《孔雀》中的“姐姐”
□ 黄小邪
《孔雀》,用编剧李樯的话说,“不像常规的电影中,写大的人类事件,这部电影用细节对齐历史。”又有人说,《孔雀》有“朴素的美丽和诗意的惆怅”。琐细的平民生活,突出于淡化的政治背景,浸淫在灰蒙蒙的怀旧影调中。中国电影中,难得的淡化戏剧性,以生活流代替集中的、强调的“叙事”。可惜,仍不够控制,如前半部分的拖沓,对某种气氛的迷恋,音乐的过分使用。
《孔雀》中,认为最可探讨的是“姐姐”这一人物。尽管“弟弟”也有表现力,但此种男性人物青春期的敏感、虚荣、残忍、对异性的好奇和渴慕,华语电影中已然很多,如《阳光灿烂的日子》,《十七岁的单车》,《牯岭街少年杀人事件》,《风柜来的人》,等等。“姐姐”这一人物,模糊,暧昧,却贴切,独特,在中国银幕上并不多见。
姐姐,脑中充斥浪漫的,不切实际的幻想,不安于平庸生活。生得美丽也意识到可以用它去换取自己想要的东西,如对招兵的军官,对果子,对局长司机。只是还有尊严,坚持着什么,也坚忍地承受着幻灭。

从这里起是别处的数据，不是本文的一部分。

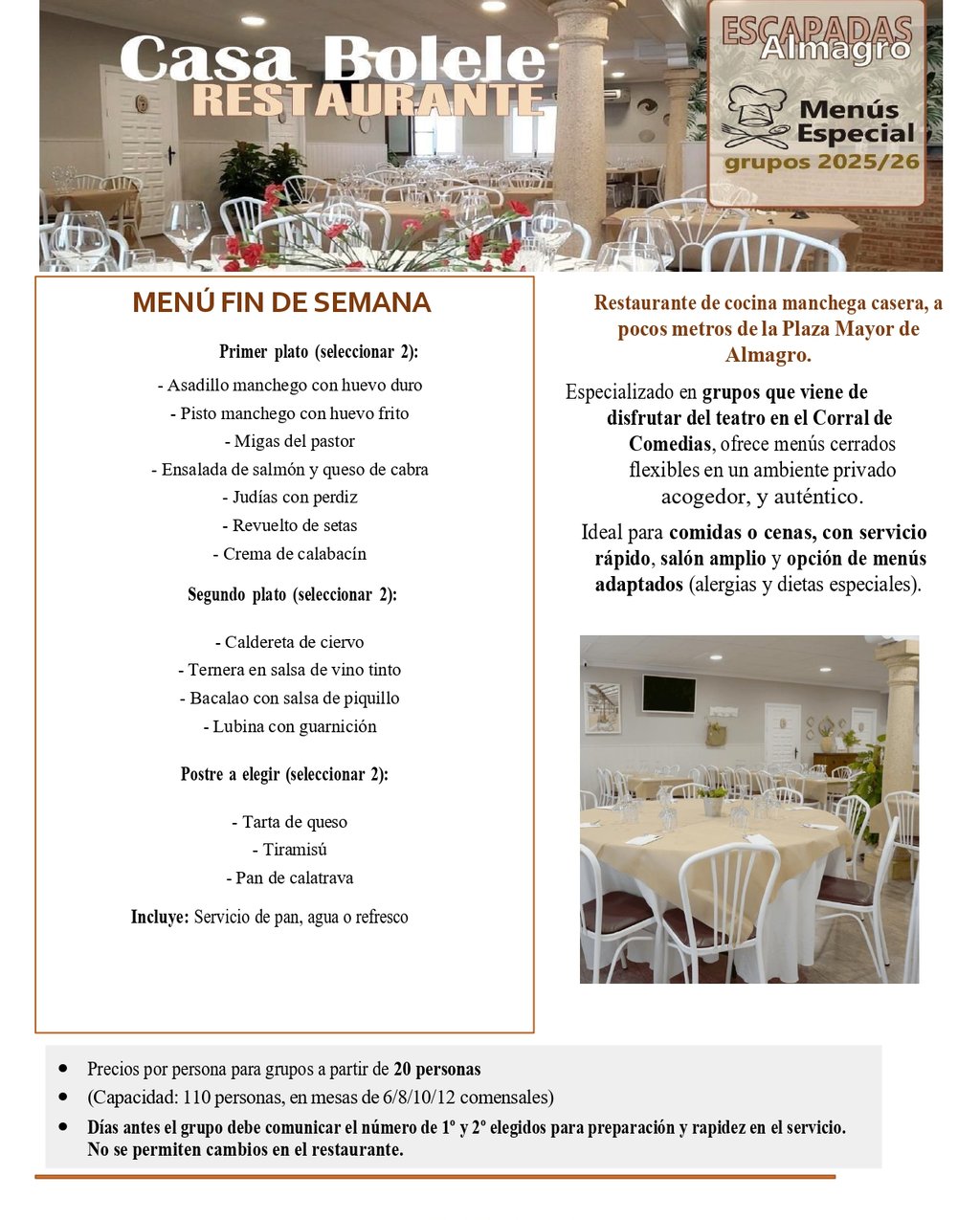 Tras la visita, disfrutaremos de una deliciosa comida en uno de los mejores restaurantes de Almagro, donde se degustará un menú típico de la cocina manchega.
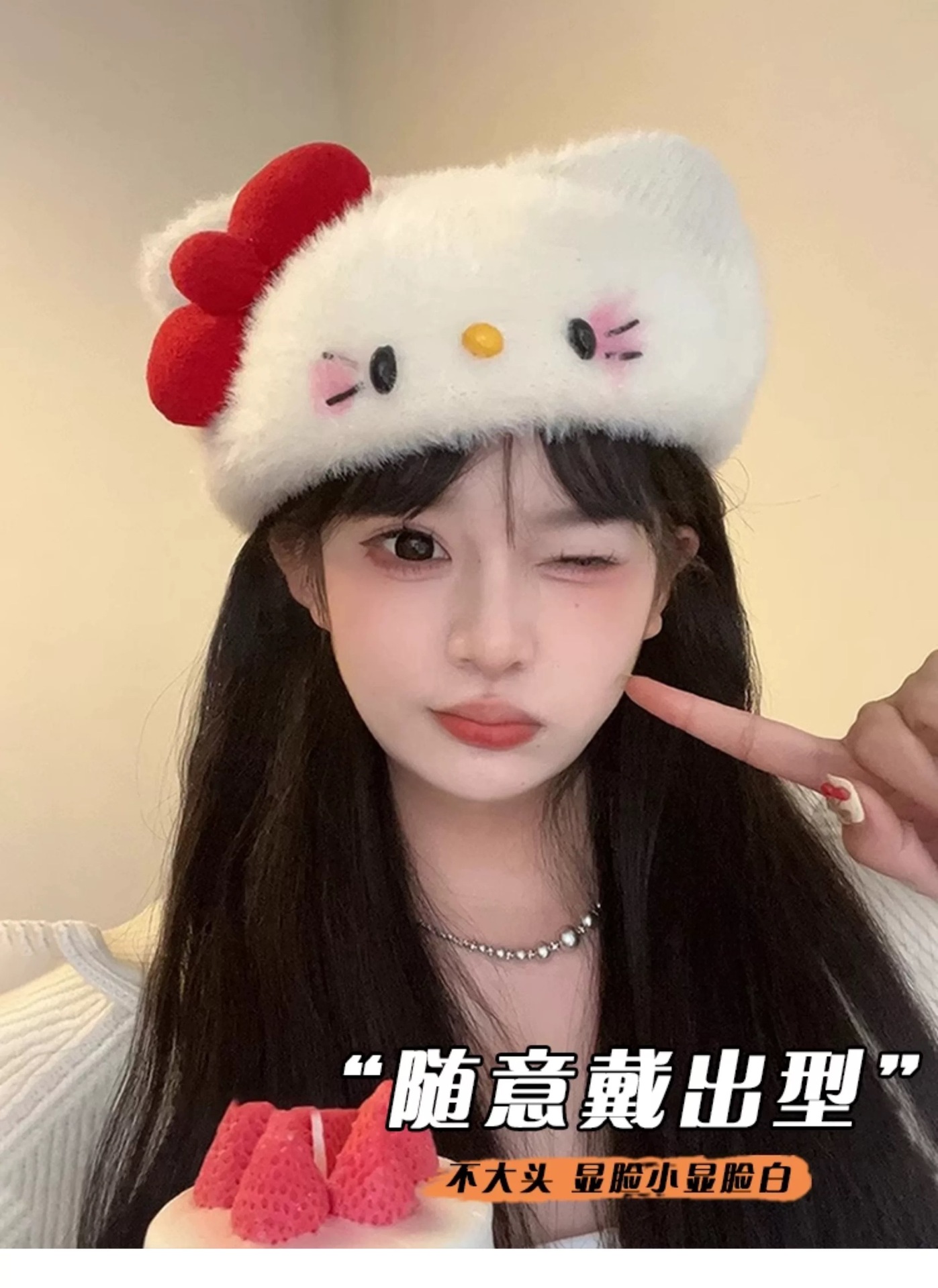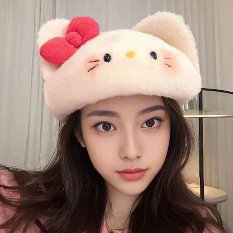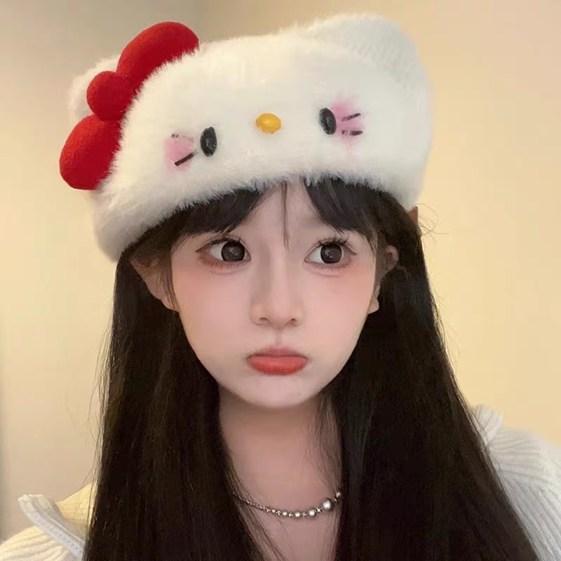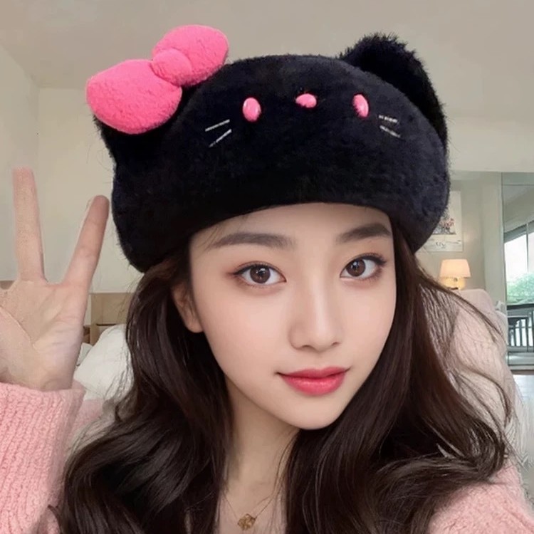 针织毛绒kt贝雷帽甜美可爱冬季加厚保暖防风百搭画家帽软妹高颜值

渴望温情,幼稚地误解父母的感情(相信很多青春期男女都因与父母偶有矛盾就想像自己不是父母亲生),珍惜陌生老人对自己的接受。对异性一无所知,以为他们心怀叵测,需要的只是自己的身体。
追寻虚无缥缈的爱情--那种只存在于浪漫电影中的美妙完满,却从未真正经历过(与果子的暧昧终究停留在世俗的暧昧),梦想一个人“永远爱着我”——那个口里塞了包子、自行车上坐着儿子、纵使面容还清秀的陌生中年男子,不是电影中的高仓健,终究不懂得她神情中的“痴”,即使被感染,似有所悟。
拂之不去的惆怅和不甘,漫不经心写在她的脸上,一种惨然和因之而生的灿然。她在西红柿摊前哭泣,那个长镜头很有力量。观者懂得她为何而哭,却无法明述。有一部分生活就是如此,你理解,感受,在表达面前,语言却显得如此苍白。
一个曾自认为“神仙”的少女向世俗中年女子蜕变的过程,重新安于生活(或永无法平定内心躁动),与面容模糊的云南丈夫和女儿,走过孔雀面前。
姐姐与弟弟的关系,投契,含混,想起张楚的歌,《姐姐》。姐姐,我要回家,牵着我的手,我有些累了……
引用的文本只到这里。